MATERIAL SHOWN:
------------

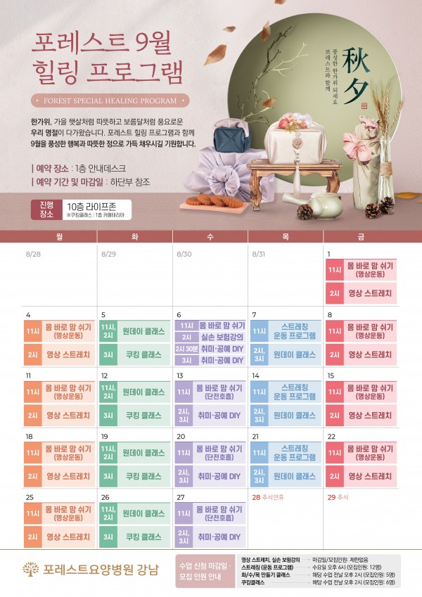 포레스트의 9월 힐링프로그램을 소개합니다.
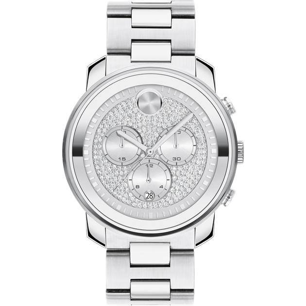 Silver-tone stainless steel case with a silver-tone stainless steel bracelet. Fixed silver-tone stainless steel bezel. Blue dial with silver-tone hands and index hour markers. Minute markers around the outer rim. Dial type: analog. Date display at the 6 o’clock position. Quartz movement. Scratch resistant sapphire crystal. Pull / push crown. Solid case back. Round case shape. Case size: 40 mm. Deployment with push button release clasp. Water resistant at 30 meters / 100 feet. Functions: date, hour, minute, second.
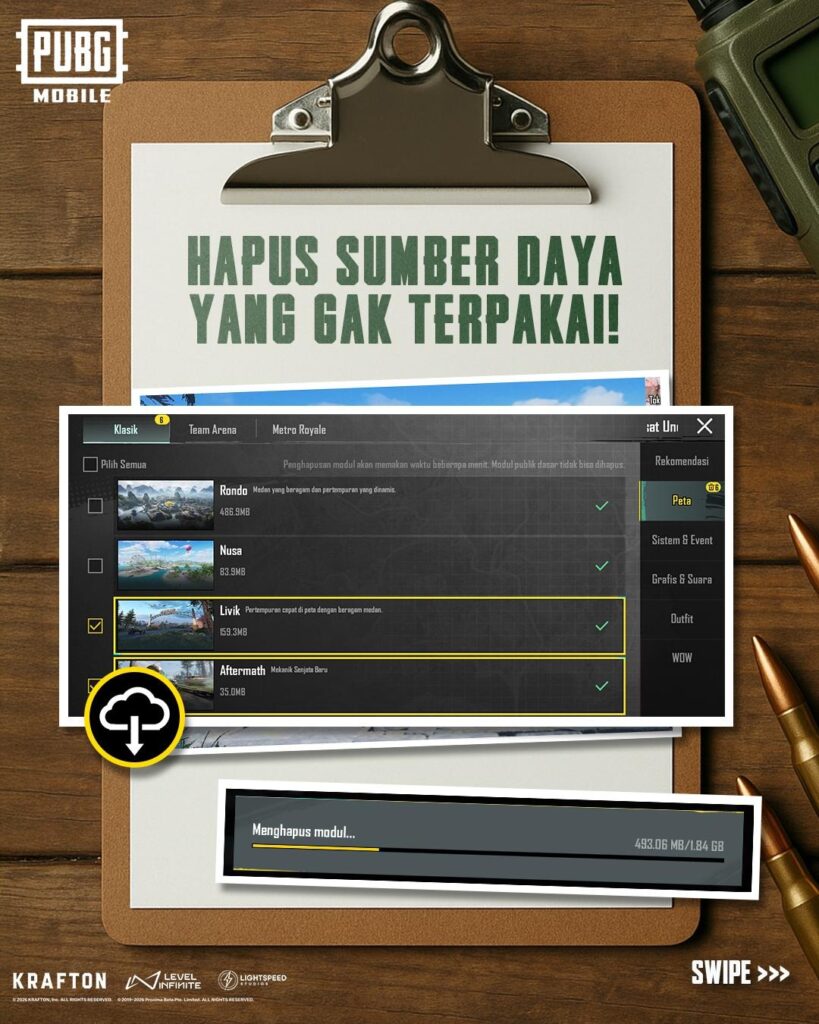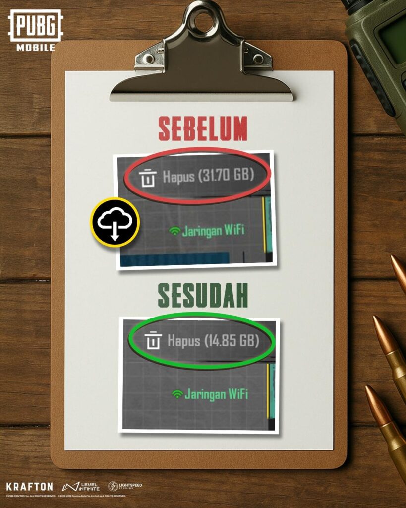 Seiring bertambahnya konten di dalam game, PUBG MOBILE juga menyimpan berbagai sumber daya tambahan yang tidak selalu digunakan oleh pemain. File seperti resource map tertentu, kosmetik, hingga data event lama dapat menumpuk dan memakan ruang penyimpanan tanpa disadari.
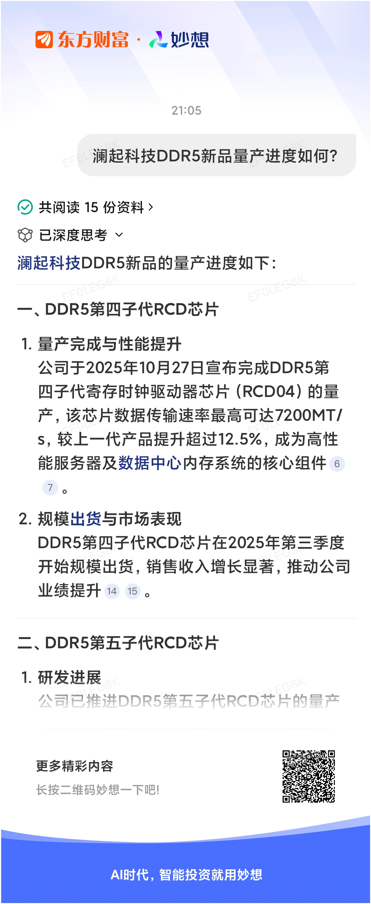 #@妙想,你怎么看?# 妙想一下:澜起科技DDR5新品量产进度如何?
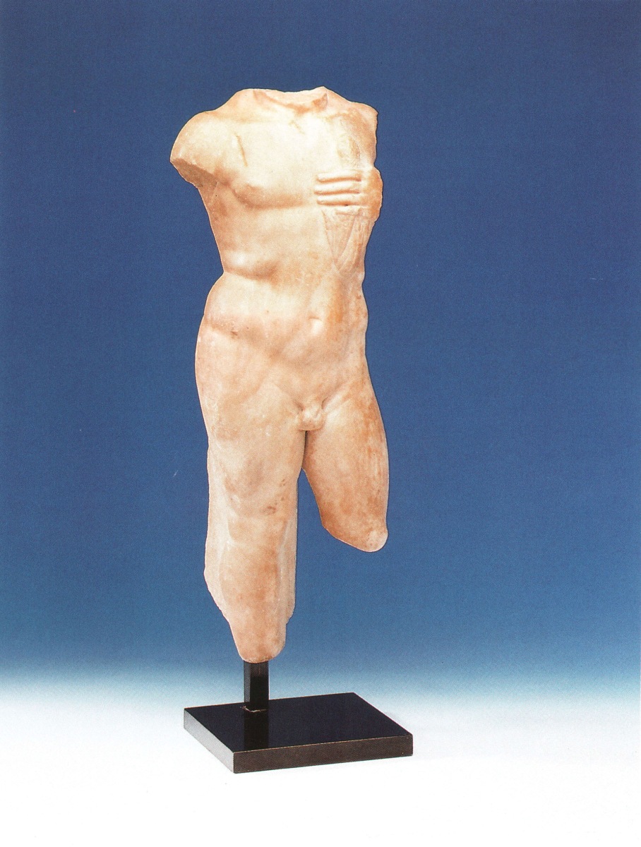 STATUE en marbre avec dépôt calcaire. (Manquent la tête, les bras, la jambe gauche en dessous du genou et le pied droit.) Le corps est appuyé contre une colonne qui prend naissance en bas des fesses. Debout, nu, il tient dans sa main gauche un oiseau appuyé contre sa poitrine.
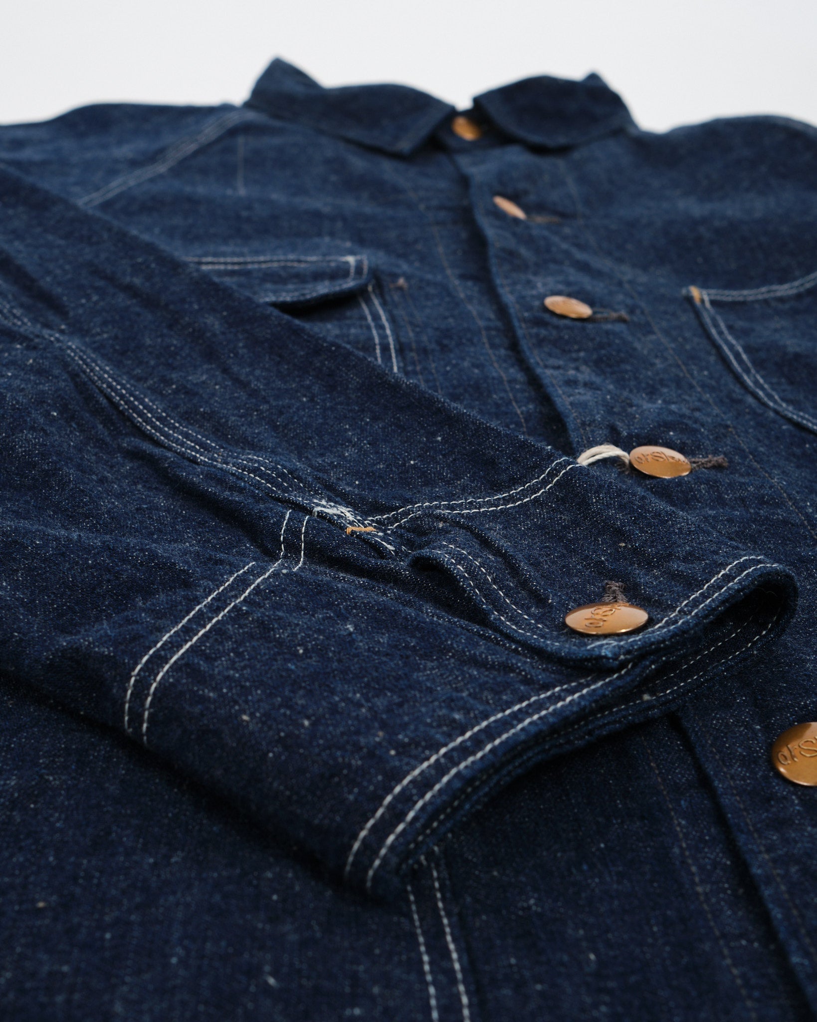 Omarm robust elegance med orSlow 1950's Coverall i en one-wash finish. Fremstillet i Japan af premium 9oz indigo-farvet denim, er denne kedeldragt en moderne fortolkning af efterkrigsarbejdsjakker. Designet både med henblik på form og funktion, den har brugerdefinerede orSlow messingknapper og en række praktiske lommer. Med sin afslappede pasform, lægger dette stykke sig ubesværet over t-shirts, flannelshirts eller sweatshirts. Forvasket for at minimere krympning og farvetab, vil det unikke indigo falme med ynde over tid og tilbyde en personlig patina.
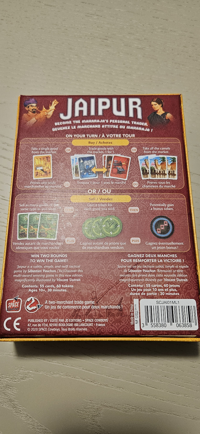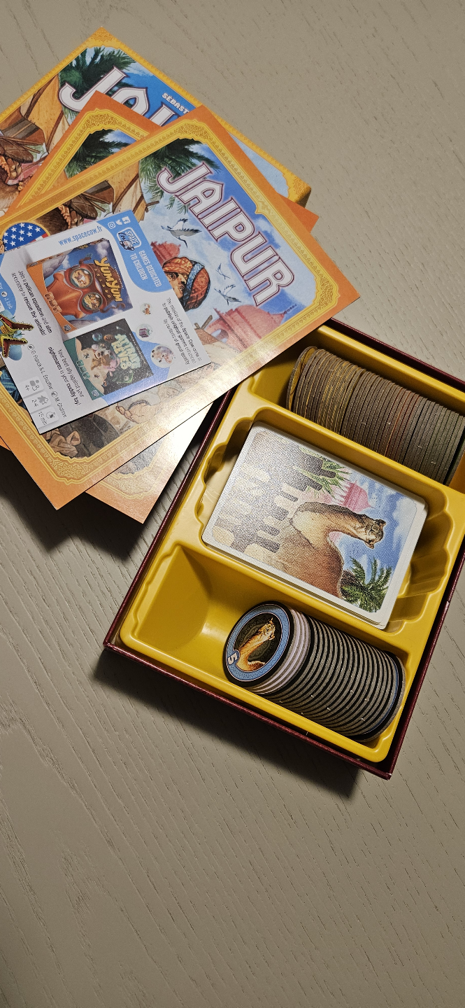 Jaipur board game. Complete with all components. Great condition. Suitable for ages 10+. 2 players. 30 minute playtime.
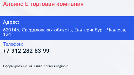Альянс Е, торговая компания по адресу 620146, Свердловская область, Екатеринбург, Чкалова, 124 в дальнейшем Организация, размещена в следующих категориях:
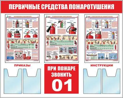 Стенды по охране труда Первичные средства пожаротушения, 3 плаката, 4 кармана А4 (Пластик ПВХ 4 мм, пластиковый профиль; 1500х1200)
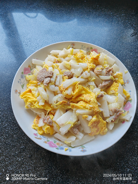 这是去年年底做的最后两根水浸糕,上午买了条里脊肉,切了一点,摊两个鸭蛋,一颗娃娃菜,和年糕炒炒,我还是喜欢吃现做的年糕,。
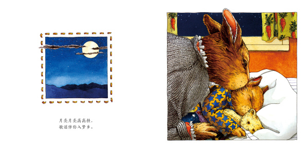 兔妈妈在傍晚时分温柔歌唱,带孩子领略自然界中所有美好的事物,直到孩子安然入睡。画家西尔维娅·隆十分喜爱并珍惜自己作为“母亲”的身份,经常给她的孩子们唱歌谣、讲故事,就像她的母亲当年做的一样。从小到大,西尔维娅·隆一直钟爱经典摇篮曲Hush Little Baby,在这首歌谣中,妈妈向自己的宝贝许诺,会千方百计找到他喜欢的东西:反舌鸟、钻戒、马车……相比之下,西尔维娅·隆更想鼓励孩子到大自然中寻找慰藉心灵的美好事物,体味母爱的温暖。正是这种信念唤醒了西尔维娅·隆的灵感,让她重新改编创作了这首新的歌谣。充满韵律的歌谣让可以让孩子反复唱读,促进孩子的语言发展;美好的自然事物,促进了孩子对美的感受。
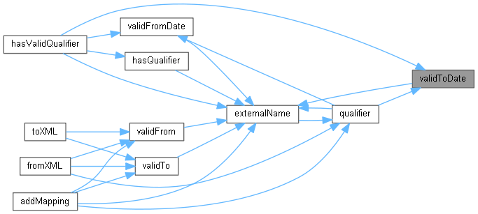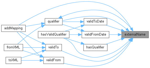Here is the caller graph for this function:| string validTo | ( | const std::string & | externalName | ) | const |
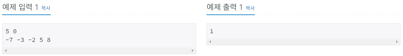 첫째 줄에 정수의 개수를 나타내는 N과 정수 S가 주어진다. (1 ≤ N ≤ 20, |S| ≤ 1,000,000) 둘째 줄에 N개의 정수가 빈 칸을 사이에 두고 주어진다. 주어지는 정수의 절댓값은 100,000을 넘지 않는다.
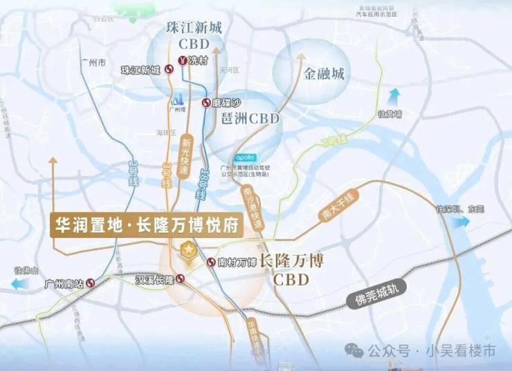 项目一期距离地铁3/7号线汉溪长隆站约500米左右,步行约7分钟,距离地铁7/18号线南村万博站约1.2公里,二期距离地铁汉溪长隆站会更近一点,这三条地铁线,都是比较牛的线路,例如7号线可到南站、大学城、科学城,3号线可直达体育西,18号线更是国内最快时速地铁,可直达琶洲、珠城等地。
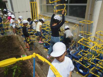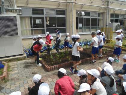 2年生 ミニトマトを植えたよ。

------------

PROBLEM TO SOLVE: Pictures in the entries do not go into the copy. Print only the lines starting at the one containing "Here is the" and ending at the one containing "첫째 줄에 정수의 개수를", exactly as they appear.

WRITTEN ANSWER:
Here is the caller graph for this function:| string validTo | ( | const std::string & | externalName | ) | const |
 첫째 줄에 정수의 개수를 나타내는 N과 정수 S가 주어진다. (1 ≤ N ≤ 20, |S| ≤ 1,000,000) 둘째 줄에 N개의 정수가 빈 칸을 사이에 두고 주어진다. 주어지는 정수의 절댓값은 100,000을 넘지 않는다.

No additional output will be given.